* _TO DO_: Give the lines again exactly as they appear below, from the line with "6月14日,我校在龙山校区音" to the line with "advertía una investigadora.", both included, and only those lines. Leave every picture out.

(Data entries)
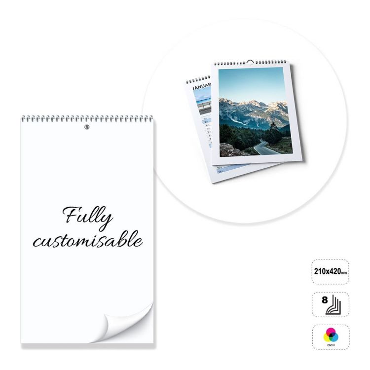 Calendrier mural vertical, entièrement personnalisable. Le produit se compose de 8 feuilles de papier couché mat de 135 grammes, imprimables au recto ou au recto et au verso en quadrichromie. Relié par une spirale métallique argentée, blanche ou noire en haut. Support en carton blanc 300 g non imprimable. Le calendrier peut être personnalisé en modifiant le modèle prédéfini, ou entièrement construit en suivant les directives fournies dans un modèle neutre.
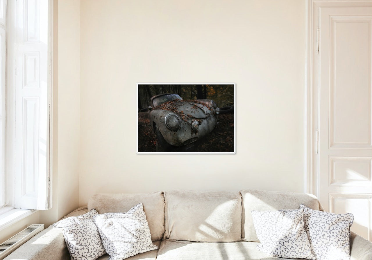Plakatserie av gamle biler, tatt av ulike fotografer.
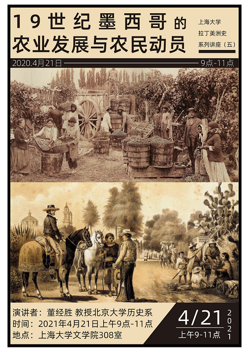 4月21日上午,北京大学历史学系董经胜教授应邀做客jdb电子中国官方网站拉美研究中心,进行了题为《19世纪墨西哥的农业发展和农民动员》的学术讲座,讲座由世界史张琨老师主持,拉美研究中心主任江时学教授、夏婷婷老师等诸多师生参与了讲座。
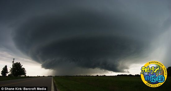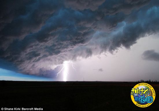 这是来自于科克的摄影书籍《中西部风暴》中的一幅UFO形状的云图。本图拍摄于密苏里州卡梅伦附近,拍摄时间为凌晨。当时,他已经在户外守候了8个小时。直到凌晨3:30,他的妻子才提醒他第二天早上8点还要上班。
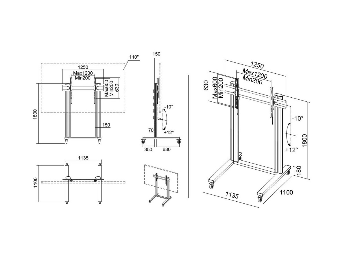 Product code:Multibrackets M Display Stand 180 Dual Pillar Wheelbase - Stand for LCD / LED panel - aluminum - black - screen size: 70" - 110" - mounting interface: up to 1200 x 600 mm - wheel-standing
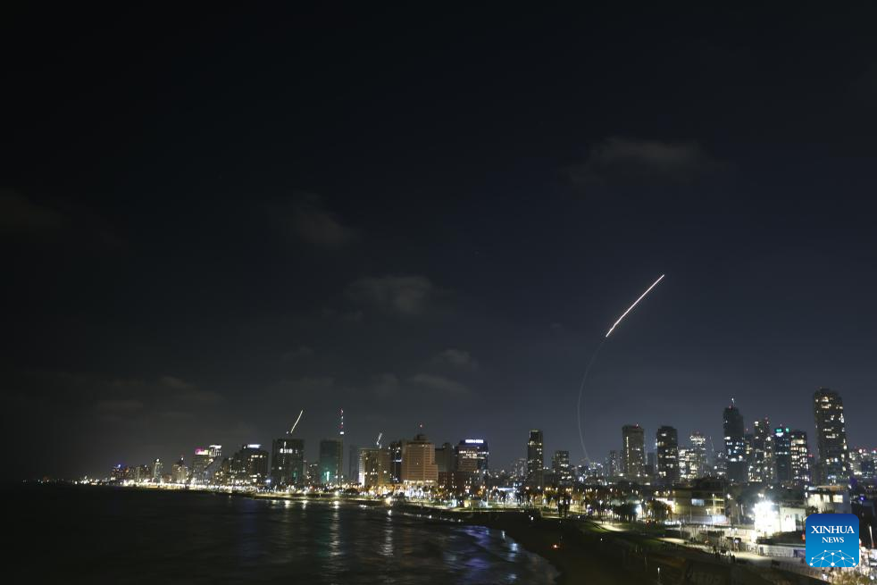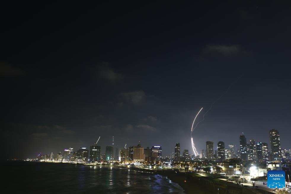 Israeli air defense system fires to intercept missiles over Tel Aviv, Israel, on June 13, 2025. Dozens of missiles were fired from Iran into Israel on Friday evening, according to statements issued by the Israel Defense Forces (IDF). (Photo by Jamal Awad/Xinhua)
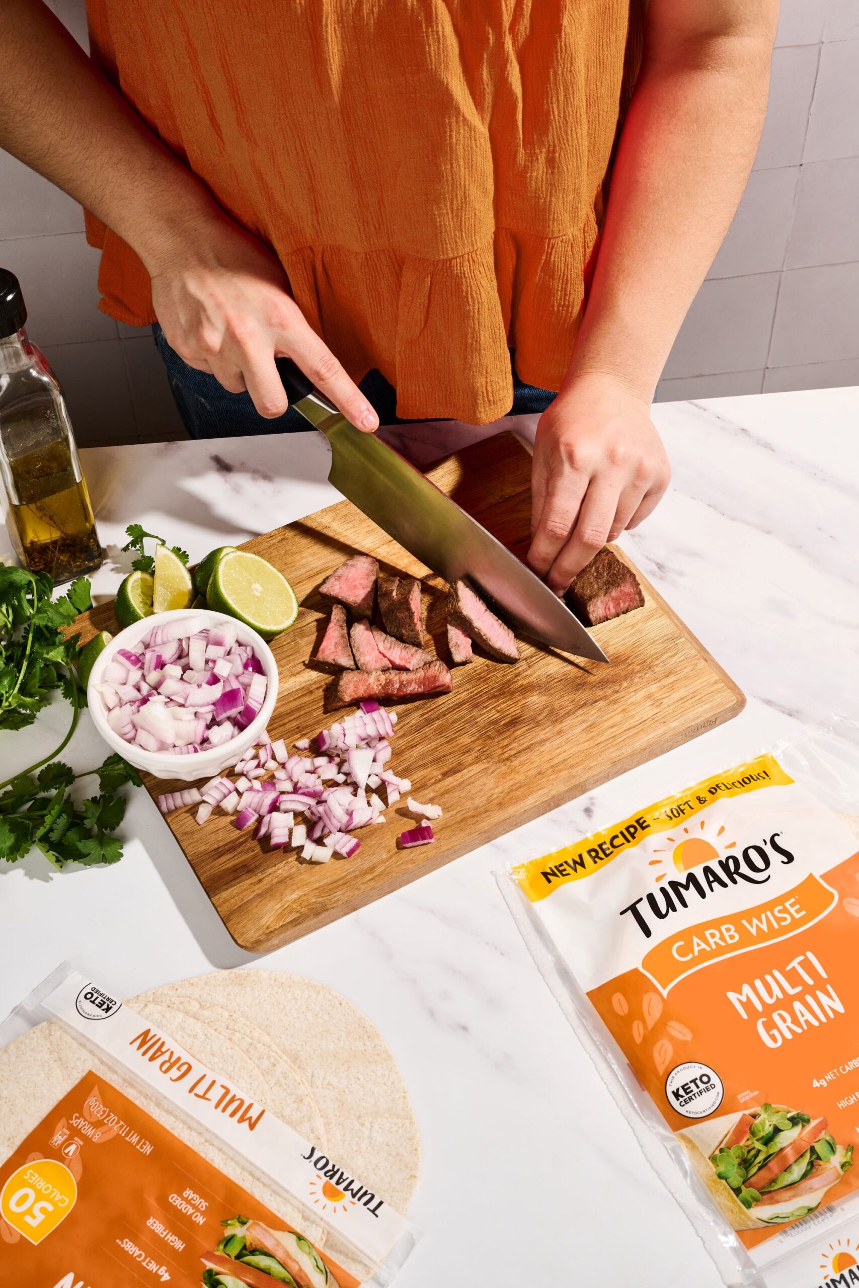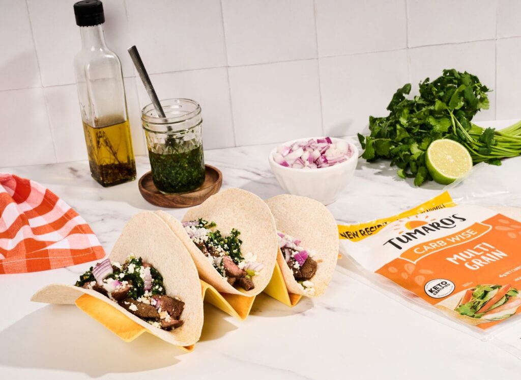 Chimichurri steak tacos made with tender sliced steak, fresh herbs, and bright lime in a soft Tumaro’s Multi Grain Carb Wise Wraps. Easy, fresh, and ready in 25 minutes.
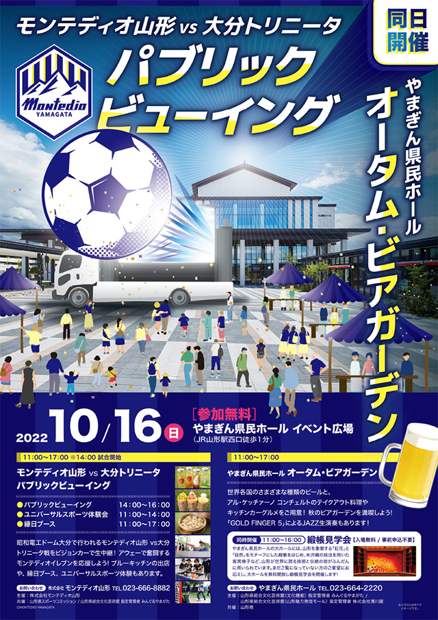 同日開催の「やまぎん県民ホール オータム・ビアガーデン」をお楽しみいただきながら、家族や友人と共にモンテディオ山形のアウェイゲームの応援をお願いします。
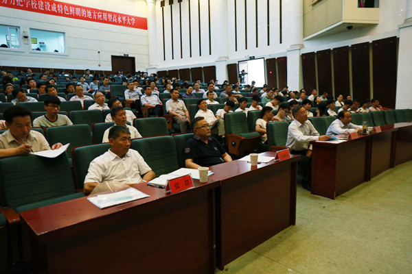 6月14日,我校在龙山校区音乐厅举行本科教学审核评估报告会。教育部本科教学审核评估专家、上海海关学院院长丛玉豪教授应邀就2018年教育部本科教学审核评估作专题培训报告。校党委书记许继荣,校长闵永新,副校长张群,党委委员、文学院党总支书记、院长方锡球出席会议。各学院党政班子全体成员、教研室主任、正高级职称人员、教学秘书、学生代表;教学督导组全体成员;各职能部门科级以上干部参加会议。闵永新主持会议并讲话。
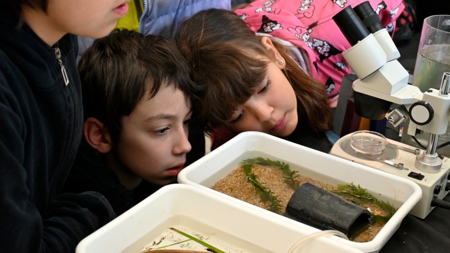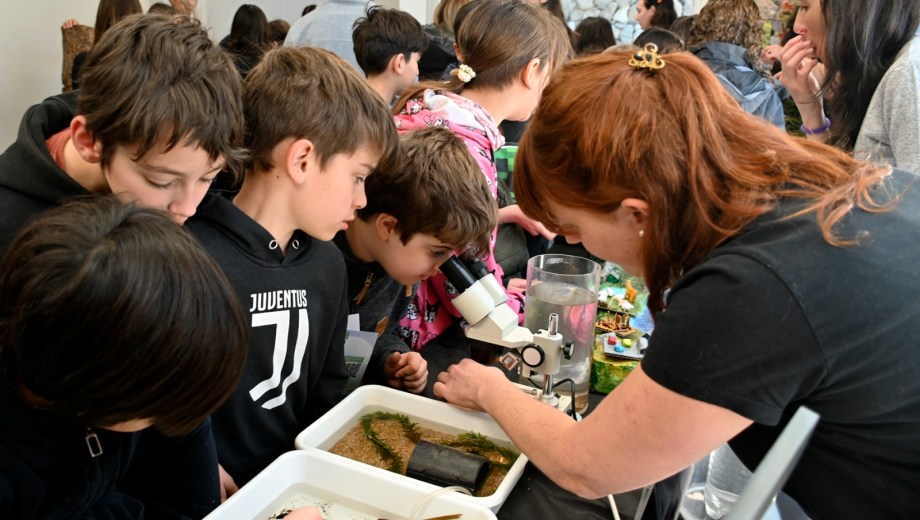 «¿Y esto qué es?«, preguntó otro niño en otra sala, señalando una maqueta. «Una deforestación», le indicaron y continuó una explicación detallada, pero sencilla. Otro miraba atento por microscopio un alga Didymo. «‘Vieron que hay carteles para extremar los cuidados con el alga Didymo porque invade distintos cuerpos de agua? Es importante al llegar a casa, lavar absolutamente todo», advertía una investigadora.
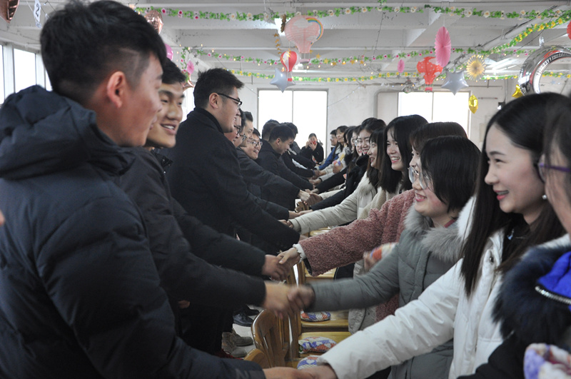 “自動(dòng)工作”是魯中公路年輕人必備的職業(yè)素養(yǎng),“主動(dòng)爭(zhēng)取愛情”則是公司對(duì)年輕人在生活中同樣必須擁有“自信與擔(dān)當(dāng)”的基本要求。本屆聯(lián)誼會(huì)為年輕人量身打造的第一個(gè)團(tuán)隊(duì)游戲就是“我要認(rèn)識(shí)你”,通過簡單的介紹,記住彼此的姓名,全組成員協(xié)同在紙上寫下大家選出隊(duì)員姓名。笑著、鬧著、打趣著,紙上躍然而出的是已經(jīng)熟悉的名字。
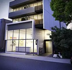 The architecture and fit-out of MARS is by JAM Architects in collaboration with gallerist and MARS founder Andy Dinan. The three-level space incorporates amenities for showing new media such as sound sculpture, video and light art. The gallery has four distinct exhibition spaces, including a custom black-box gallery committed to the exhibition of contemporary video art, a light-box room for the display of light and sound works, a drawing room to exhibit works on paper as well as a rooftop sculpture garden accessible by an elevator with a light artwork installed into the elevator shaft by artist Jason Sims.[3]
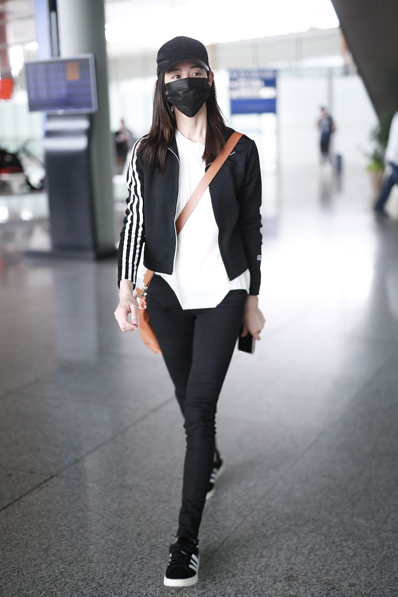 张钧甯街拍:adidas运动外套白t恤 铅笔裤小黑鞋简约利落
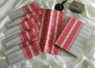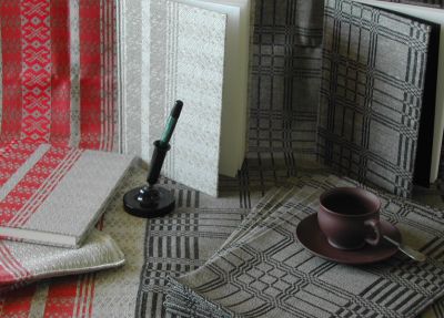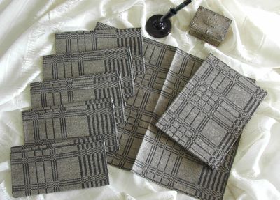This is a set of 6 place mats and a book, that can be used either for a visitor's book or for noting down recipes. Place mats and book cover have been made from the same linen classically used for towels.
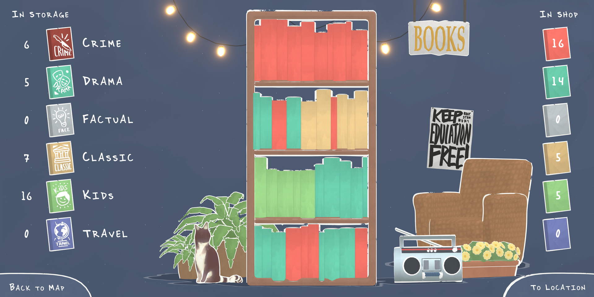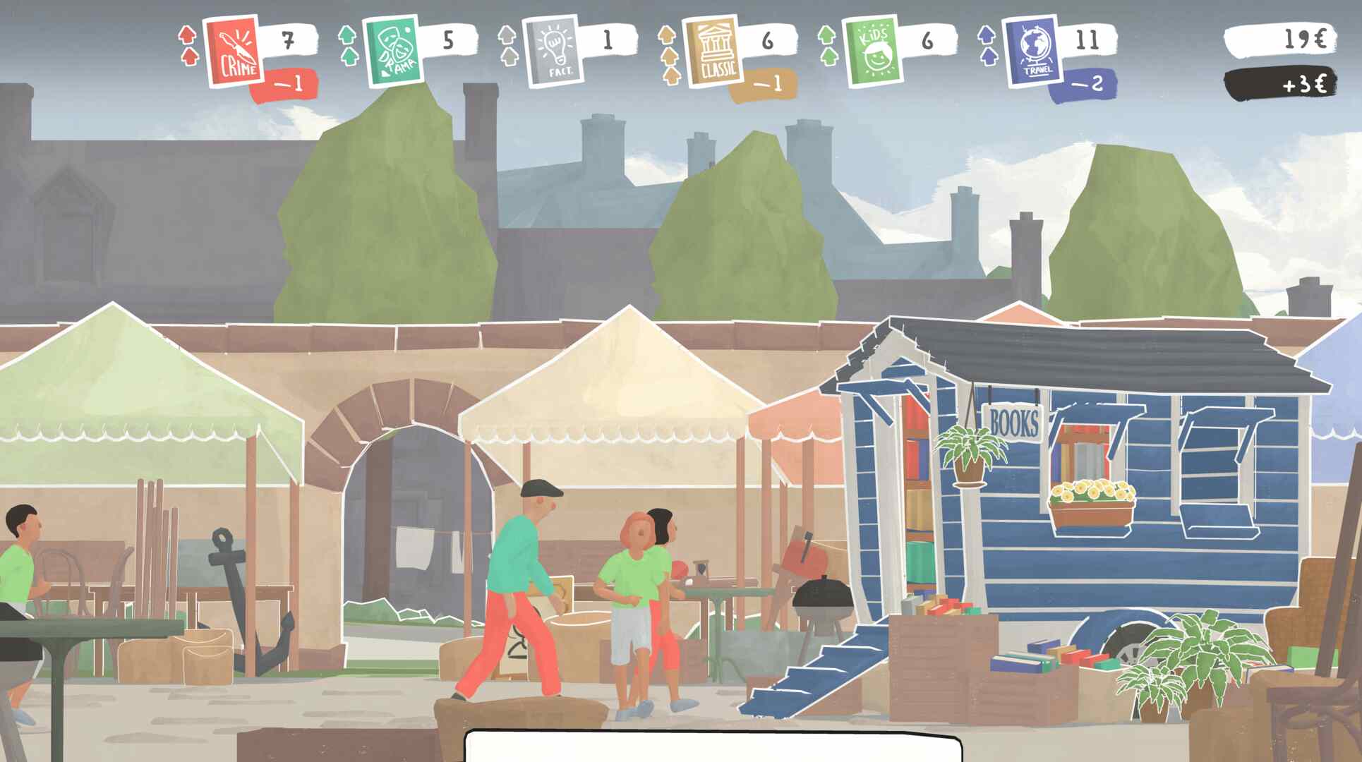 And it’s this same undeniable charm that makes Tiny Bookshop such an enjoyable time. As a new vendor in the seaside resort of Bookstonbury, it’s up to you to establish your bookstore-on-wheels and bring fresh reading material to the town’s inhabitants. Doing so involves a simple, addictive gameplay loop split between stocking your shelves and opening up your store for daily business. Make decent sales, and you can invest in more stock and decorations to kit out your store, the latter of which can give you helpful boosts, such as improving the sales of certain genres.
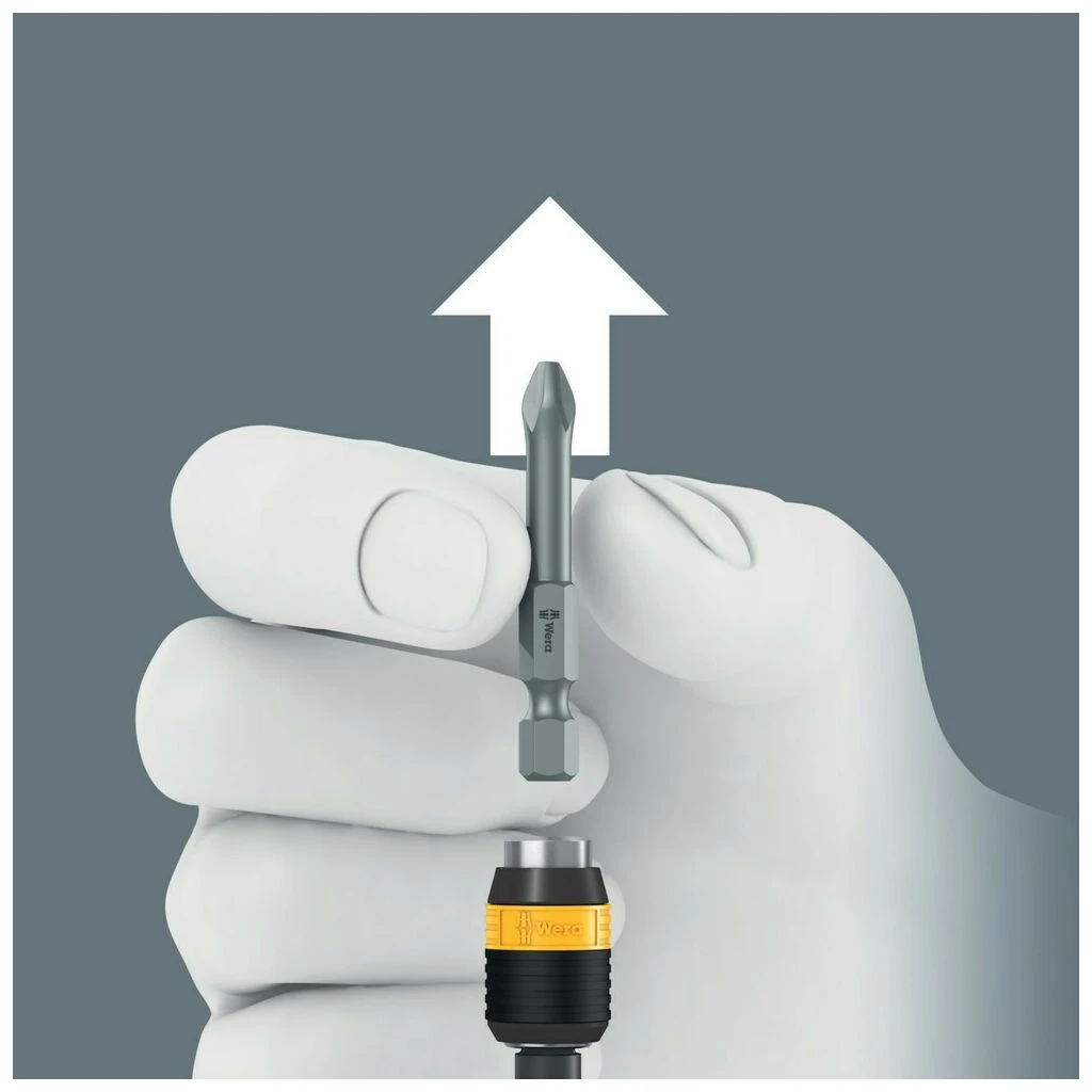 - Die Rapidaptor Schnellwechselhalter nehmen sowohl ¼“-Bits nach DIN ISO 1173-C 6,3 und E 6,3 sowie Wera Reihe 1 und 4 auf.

* _SOLUTION FOR THIS EXERCISE_:
 6月14日,我校在龙山校区音乐厅举行本科教学审核评估报告会。教育部本科教学审核评估专家、上海海关学院院长丛玉豪教授应邀就2018年教育部本科教学审核评估作专题培训报告。校党委书记许继荣,校长闵永新,副校长张群,党委委员、文学院党总支书记、院长方锡球出席会议。各学院党政班子全体成员、教研室主任、正高级职称人员、教学秘书、学生代表;教学督导组全体成员;各职能部门科级以上干部参加会议。闵永新主持会议并讲话。
 «¿Y esto qué es?«, preguntó otro niño en otra sala, señalando una maqueta. «Una deforestación», le indicaron y continuó una explicación detallada, pero sencilla. Otro miraba atento por microscopio un alga Didymo. «‘Vieron que hay carteles para extremar los cuidados con el alga Didymo porque invade distintos cuerpos de agua? Es importante al llegar a casa, lavar absolutamente todo», advertía una investigadora.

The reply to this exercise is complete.